Et une grande blonde m'a dit : "quelqu'un a mangé dans mon bol"
- Are you eating in your plate ? - Hum, no. Oh, my God, it is yours. I'm sorry, I'm so confused.
J'étais en train de terminer ma soupe dans la cuisine d'étage quand une grande blonde est entrée, en deux fois. Tout d'abord, pour prendre deux verres, deux assiettes, et retourner dans sa chambre, située en face de la mienne. Puis, la deuxième fois, pour enquêter sur mon utilisation pirate de sa vaisselle.
- Vous comprenez, chacun doit apporter ses propres affaires, ses assiettes, ses couverts. Seul le micro-onde et l'un des deux réfrigérateurs sont à la communauté. Chaque personne possède son placard, qu'il peut fermer à clé, pour conserver sa nourriture personnelle. - Je suis désolé, je viens d'arriver, et avec toutes ces inscriptions en allemand. Vous en avez besoin tout de suite ? Je vais vous laver cela à l'instant. - J'espère bien.
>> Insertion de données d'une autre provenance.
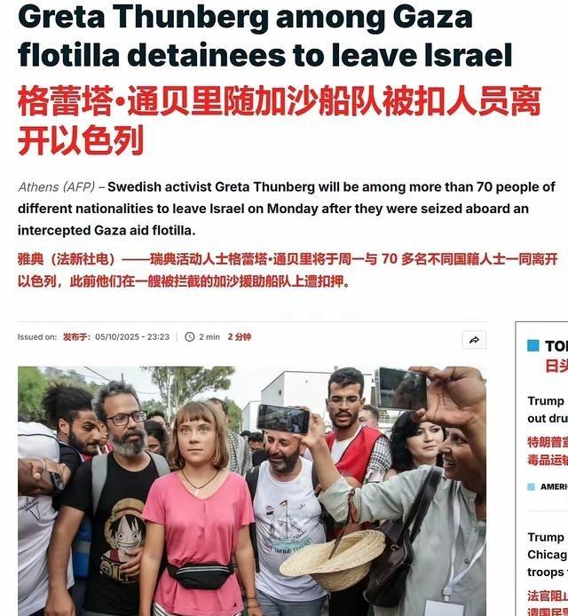瑞典政府现在受到的压力非常大,毕竟环保少女在西方政治正确的那个圈子里面,影响力还是非常大的。现在的欧美,反犹已经形成一种浪潮,短视频平台的崛起,让以色列人再也藏不住他们的秘密了。 说起最近这事儿,得从格蕾塔·通贝里那艘去加沙的船队说起。这姑娘,本来是环保圈的扛把子,从十几岁开始就因为气候罢课闹得全世界都知道。现在呢,她把矛头对准了中东那摊子事儿,加入了叫“全球苏穆德船队”的行动。这支船队从希腊出发,装满了医疗用品、食物和帐篷,本意是想突破以色列对加沙的海上封锁,直接送援助过去。结果10月1日,刚到国际水域,就被以色列海军给拦住了。船上四五百人全被扣了,包括通贝里在内。整个过程挺快的,直升机上兵从天而降,船被拖到阿什杜德港,然后这些人就进了拘留所。 通贝里被关在条件差劲的牢房里,据她后来告诉瑞典官员,里面有虫子爬,吃的就一块硬面包和一点水,审讯的时候灯光晃眼,官员问来问去她都不怎么开口。其他活动家也爆料,说没干净水,没律师见面,基本就是关着等处理。这事儿一曝光,国际上炸锅了。通贝里这人,在西方那些注重人权和进步议题的圈子里,影响力不是盖的。她一发声,马上就有上百万转发,各种抗议游行就起来了。瑞典国内更是热闹,斯德哥尔摩街头天天有人举牌子喊口号,要求政府出面要人。瑞典外交部赶紧表态,说如果虐待这些事儿是真的,那性质就严重了,会跟以色列要个说法。但说实话,这话听着硬气,实际操作起来,瑞典政府走得挺谨慎的。毕竟以色列是老盟友,欧盟内部也分两派,一派挺巴勒斯坦,一派顾及安全合作。瑞典这小国,夹在中间,压力山大。国内媒体天天追着问,民众游行规模越来越大,政府得给个交代,但又不能真撕破脸。结果呢,就发了个声明,强调领事保护啥的,实际没啥大动作。通贝里这影响力,直接把瑞典推到风口浪尖上,政府内部估计也头疼坏了。 再看欧美那边,这波事件正好赶上反犹情绪高涨的节骨眼儿。从去年加沙冲突升级开始,反犹事件就没断过。欧盟一个调查显示,90%的犹太人说网上到处是反犹内容,暴力骚扰也多了。法国、德国、英国这些地方,犹太学校门前喷漆的、砸玻璃的,层出不穷。欧盟基本权利署的报告直指,这股浪潮跟以色列-加沙的事儿脱不了干系。很多人把对以色列政策的火气,转嫁到犹太人头上,虽然这逻辑站不住脚,但情绪上头,谁管那么多。通贝里被扣的消息一出,马上就跟这股浪潮挂钩了。她的支持者们在网上刷屏,说以色列这是在打压人权声音,各种阴谋论满天飞。瑞典政府这时候更难办了,本来国内左翼就对以色列有意见,现在通贝里一掺和,压力直接翻倍。政府得平衡犹太社区的感受,又得安抚环保和人权圈子,外交部发言人天天开会商量怎么措辞。结果呢,声明发了,但没提制裁啥的,就说会调查虐待指控。这态度,国内右翼说太软,左翼说不够硬,政府里头估计天天吵架。 通贝里这人,影响力大到什么程度?她在西方政治正确圈子里,基本是代言人。环保、人权、反战,这些标签一贴,谁敢不理?她从气候罢课起步,现在扩展到巴勒斯坦援助,步步为营。加入船队前,她就公开说,这是对加沙封锁的挑战。结果被扣后,她没签驱逐文件,坚持72小时拘留期满才走。这举动,又给她加分不少。10月6日,她和其他171人被遣送到希腊,雅典机场一落地,就有支持者接机。她马上发视频,展示拘留所的铁丝网和憔悴的脸,说援助没送到,但以色列政策暴露了。视频一出,又是百万转发。瑞典政府这时候松口气,但压力没散。国内示威还在继续,民众要更强硬回应,政府只能通过媒体说,会跟进虐待调查。实际呢,以色列那边说这是例行安全检查,船队违反封锁,扣人是合法的。双方各说各话,但通贝里这事儿,让瑞典在欧盟内部的形象有点尴尬。其他北欧国家看着,也得掂量掂量。 反犹浪潮这块儿,说白了,是加沙冲突的副产品。从2023年哈马斯袭击开始,欧洲反犹事件就翻倍。德国犹太人中心报告,去年暴力事件涨了80%。法国巴黎,犹太餐馆被砸的新闻天天见。英国也一样,大学校园里反以色列抗议,经常滑向反犹。短视频平台推波助澜,TikTok上,加沙医院空袭的剪辑,配上“以色列秘密”的字幕,年轻人一刷就信了。平台说会删反犹内容,但实际执行松散。N12调查显示,TikTok靠偏向以色列的来源,但反犹视频还是满天飞。通贝里事件一出,这些视频又多了一波素材,她的拘留照成了新热点。欧美犹太社区压力大,ADL组织天天发报告,拆穿假新闻。但浪潮这东西,刹不住车。瑞典作为北欧福利国家,本来反犹就少,现在因为通贝里,国内犹太人也有点不安。政府得安抚,但又不能忽略人权声音。这平衡,难。

L'autre jour, quelqu'un s'est servi de nos planches à découper, et les a rangées sales.
Elle sort, et j'attaque directement la vaisselle, sans même oser utiliser en plus une cuillère pour mon yaourt nature non sucré. Moi qui avait déjà longuement hésité avant de m'installer dans la cuisine d'étage ce soir, n'ayant pas vraiment le courage de lancer une possible conversation, souhaitant profiter d'un calme solitaire après une journée remplie à l'université. Mais comment éviter cette cuisine communautaire, quand il n'a pas été possible de trouver assiettes et couverts dans les supermarchés les plus proches de ce logement ?
Je frotte au mieux cette vaisselle violée, l'essuie consciencieusement avec les vagues torchons que j'ai déniché ce soir, tenant en fait plutôt de l'essuie-tout pouvant s'utiliser une douzaine de fois. Et aussitôt, je rentre en vitesse dans mon appartement, glisse le yaourt non consommé dans mon réfrigérateur au bloc de glace massif et non dégivré, puis croque une petite pomme assis à mon bureau.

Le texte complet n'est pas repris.